On 1 October 2018 Klaassen signed a two-year contract with English county side Kent County Cricket Club. He had played for the county Second XI in friendly matches during the previous English season and against Kent in warm up matches ahead of the 2018 t20 Blast competition. He made his first-class debut on 31 March 2019 for Kent against Loughborough MCCU, as part of the Marylebone Cricket Club University fixtures.

In Dutch domestic cricket Klaassen has played for VOC Rotterdam, winning the Topklasse, the Dutch domestic title, with the club in 2018. He was the leading bowler in the competition during the 2018 season, taking 29 wickets at an average of 14.10 runs per wicket.
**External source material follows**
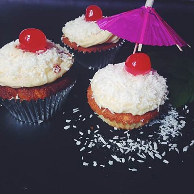 Ingredients: For the cake: - 200g Stork (or softened butter if you prefer) - 300g caster sugar - 200ml coconut cream - 2 eggs - 400g drained pineapple pieces - 2 tablespoons of the pineapple juice from the can - 60ml rum - 300g self raising flour For the icing: - 250g unsalted butter - 450g icing sugar - 50ml coconut cream - Handful of desiccated coconut - 60ml rum - Lime zest To decorate: - Desiccated coconut - Lime zest maraschino cherry - Cocktail umbrellas (optional) Method: 1. Heat oven to 170C (150C fan). In a large bowl, cream together the Stork and caster sugar until light and fluffy. 2. Add the coconut cream and eggs and beat until soft and silky. Add the pineapple pieces and stir in then add the pineapple juice and rum. Lastly sift in the flour and mix well. 3. Pour mixture into cupcake cases in a muffin tray and bake for about 20 minutes or until a skewer is removed clean from the centre. Cool completely on a wire rack. 4. To make the buttercream icing, beat the butter until light and fluffy, gradually add the icing sugar until thoroughly combined. 5. Add the coconut cream, desiccated coconut rum and lime zest and beat together before putting it in a piping bag. 6. Once the cakes are completely cool, pipe over the icing then sprinkle with a layer of desiccated coconut, grate the lime zest over and place a cherry in the centre of each one.

In 2015 he played in New Zealand for Cornwall Cricket Club and in Scotland for East Kilbride Cricket Club and later played for Norwich Cricket Club in the East Anglian Premier Cricket League Klaassen made 22 appearances, mainly in limited-overs matches, for Kent during th 2019 season and signed a contract extension with the club in January 2020, keeping him at Kent until 2022. In the 2018/19 northern hemisphere winter he played in Australia for Monash Tigers in Victorian Premier Cricket.

Klaassen played in the 2019 ICC T20 World Cup Qualifier tournament in the United Arab Emirates and in September 2021, was named in the Dutch squad for the 2021 ICC Men's T20 World Cup.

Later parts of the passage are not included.